━━ Materials provided ━━
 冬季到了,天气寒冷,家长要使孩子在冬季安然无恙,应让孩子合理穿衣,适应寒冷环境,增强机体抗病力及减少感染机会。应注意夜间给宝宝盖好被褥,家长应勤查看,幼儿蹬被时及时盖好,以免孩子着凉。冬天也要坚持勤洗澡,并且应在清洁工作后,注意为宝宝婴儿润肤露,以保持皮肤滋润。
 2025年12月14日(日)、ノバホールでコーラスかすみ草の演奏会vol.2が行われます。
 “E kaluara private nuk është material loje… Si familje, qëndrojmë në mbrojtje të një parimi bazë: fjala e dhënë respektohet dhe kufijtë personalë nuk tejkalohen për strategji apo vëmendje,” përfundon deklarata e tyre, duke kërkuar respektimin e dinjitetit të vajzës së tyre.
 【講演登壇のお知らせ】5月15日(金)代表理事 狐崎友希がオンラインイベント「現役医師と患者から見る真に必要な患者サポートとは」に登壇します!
━━━
━━ Materials provided ━━
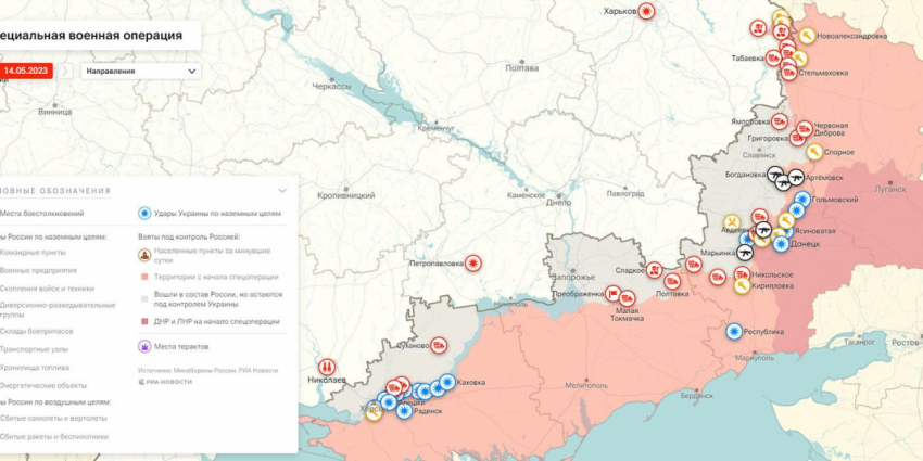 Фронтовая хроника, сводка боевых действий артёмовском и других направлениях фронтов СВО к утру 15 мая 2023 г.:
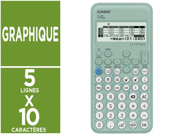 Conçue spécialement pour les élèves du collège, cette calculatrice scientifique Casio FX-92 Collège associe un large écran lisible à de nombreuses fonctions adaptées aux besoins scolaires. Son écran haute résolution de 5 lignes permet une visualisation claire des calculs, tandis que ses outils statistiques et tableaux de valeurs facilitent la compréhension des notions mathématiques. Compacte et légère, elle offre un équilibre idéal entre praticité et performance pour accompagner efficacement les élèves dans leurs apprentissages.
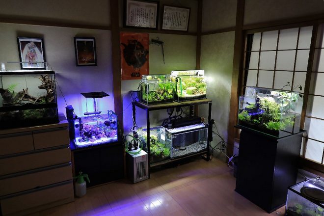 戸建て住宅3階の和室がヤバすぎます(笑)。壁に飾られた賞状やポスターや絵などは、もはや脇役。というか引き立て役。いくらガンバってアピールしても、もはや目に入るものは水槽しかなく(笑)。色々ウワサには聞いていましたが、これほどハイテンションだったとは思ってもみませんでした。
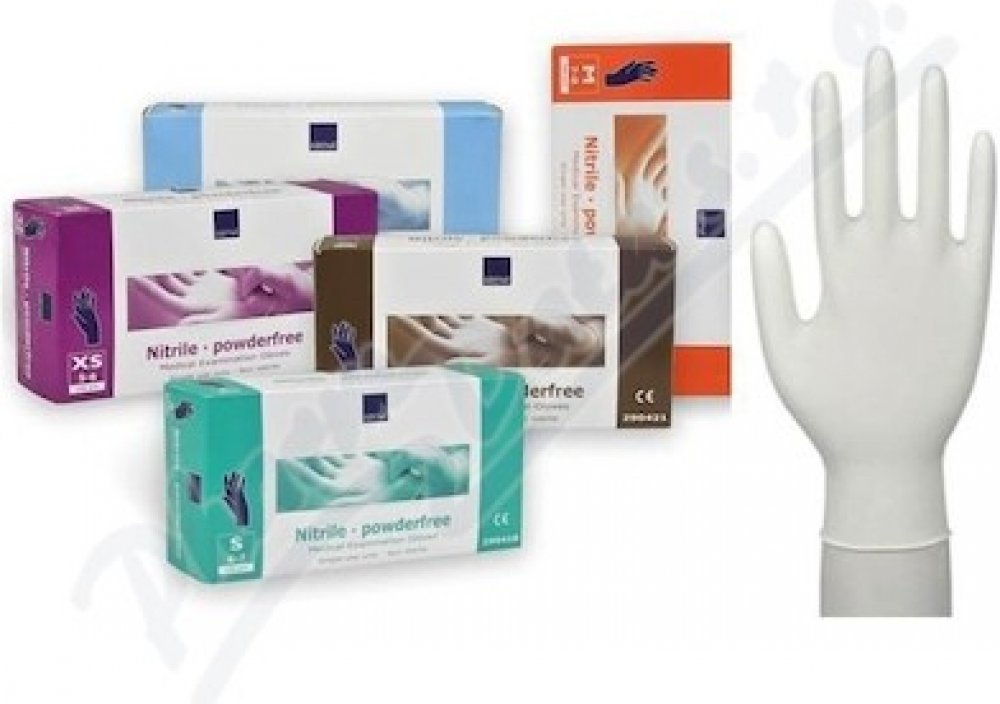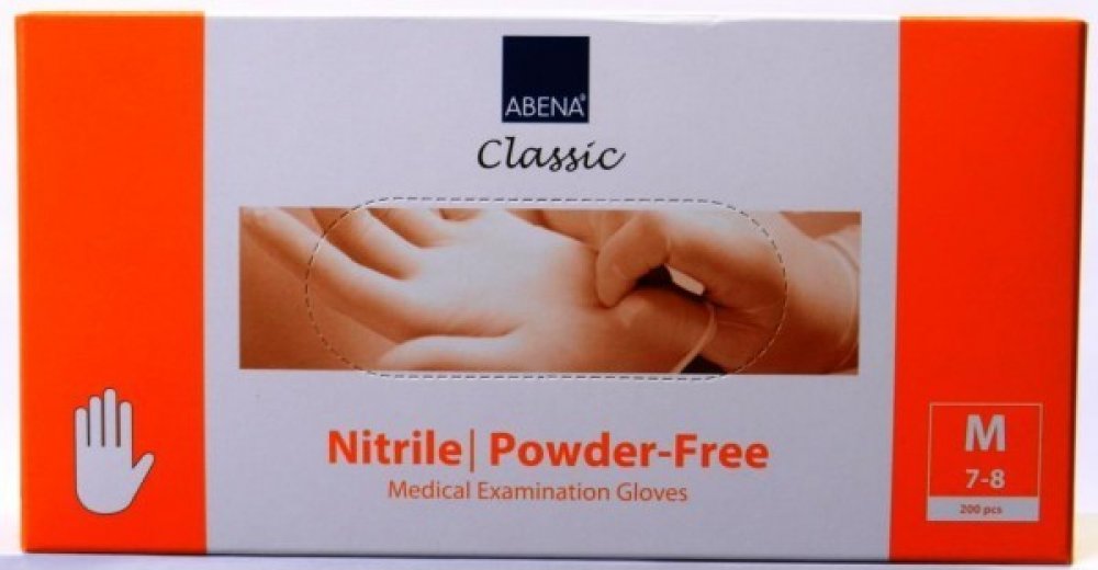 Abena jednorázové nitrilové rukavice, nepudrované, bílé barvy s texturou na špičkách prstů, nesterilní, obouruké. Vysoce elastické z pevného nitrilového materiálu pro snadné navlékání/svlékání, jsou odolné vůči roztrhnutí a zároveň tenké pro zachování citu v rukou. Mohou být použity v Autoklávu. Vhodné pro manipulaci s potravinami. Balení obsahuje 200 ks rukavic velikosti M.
━━━
━━ Materials provided ━━
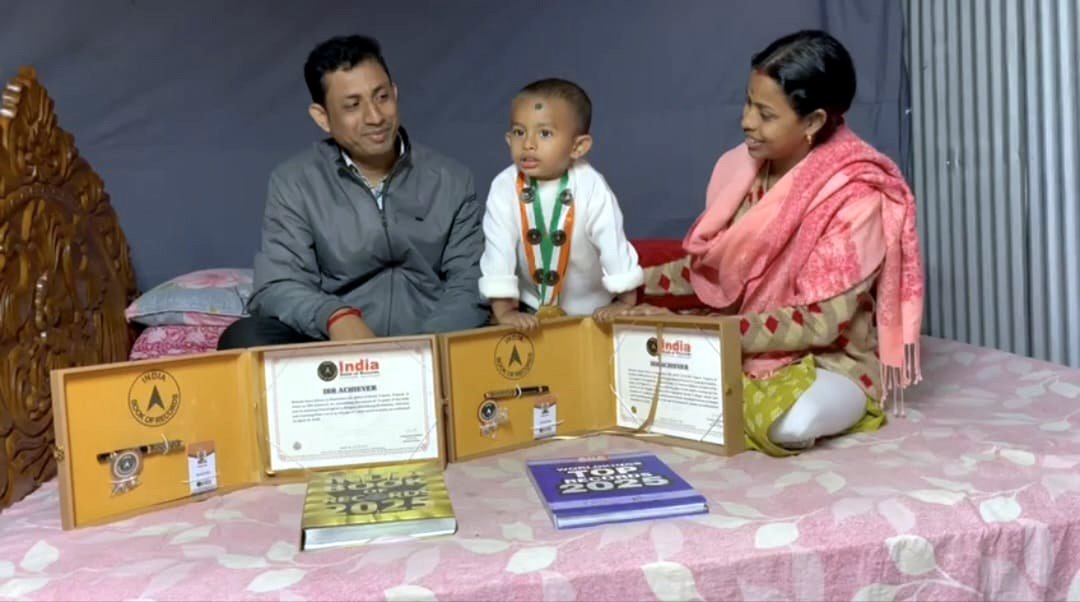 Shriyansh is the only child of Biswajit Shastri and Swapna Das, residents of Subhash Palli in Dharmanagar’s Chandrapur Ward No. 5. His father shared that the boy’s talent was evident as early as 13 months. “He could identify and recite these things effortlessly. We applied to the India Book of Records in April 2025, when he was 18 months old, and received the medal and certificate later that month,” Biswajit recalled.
━━━
== Activity ==
Look above for the line with "Conçue spécialement pour" and the line with "Abena jednorázové nitrilové". Output those two and everything between them exactly, pictures excluded.

== Answer to this task ==
 Conçue spécialement pour les élèves du collège, cette calculatrice scientifique Casio FX-92 Collège associe un large écran lisible à de nombreuses fonctions adaptées aux besoins scolaires. Son écran haute résolution de 5 lignes permet une visualisation claire des calculs, tandis que ses outils statistiques et tableaux de valeurs facilitent la compréhension des notions mathématiques. Compacte et légère, elle offre un équilibre idéal entre praticité et performance pour accompagner efficacement les élèves dans leurs apprentissages.
 戸建て住宅3階の和室がヤバすぎます(笑)。壁に飾られた賞状やポスターや絵などは、もはや脇役。というか引き立て役。いくらガンバってアピールしても、もはや目に入るものは水槽しかなく(笑)。色々ウワサには聞いていましたが、これほどハイテンションだったとは思ってもみませんでした。
 Abena jednorázové nitrilové rukavice, nepudrované, bílé barvy s texturou na špičkách prstů, nesterilní, obouruké. Vysoce elastické z pevného nitrilového materiálu pro snadné navlékání/svlékání, jsou odolné vůči roztrhnutí a zároveň tenké pro zachování citu v rukou. Mohou být použity v Autoklávu. Vhodné pro manipulaci s potravinami. Balení obsahuje 200 ks rukavic velikosti M.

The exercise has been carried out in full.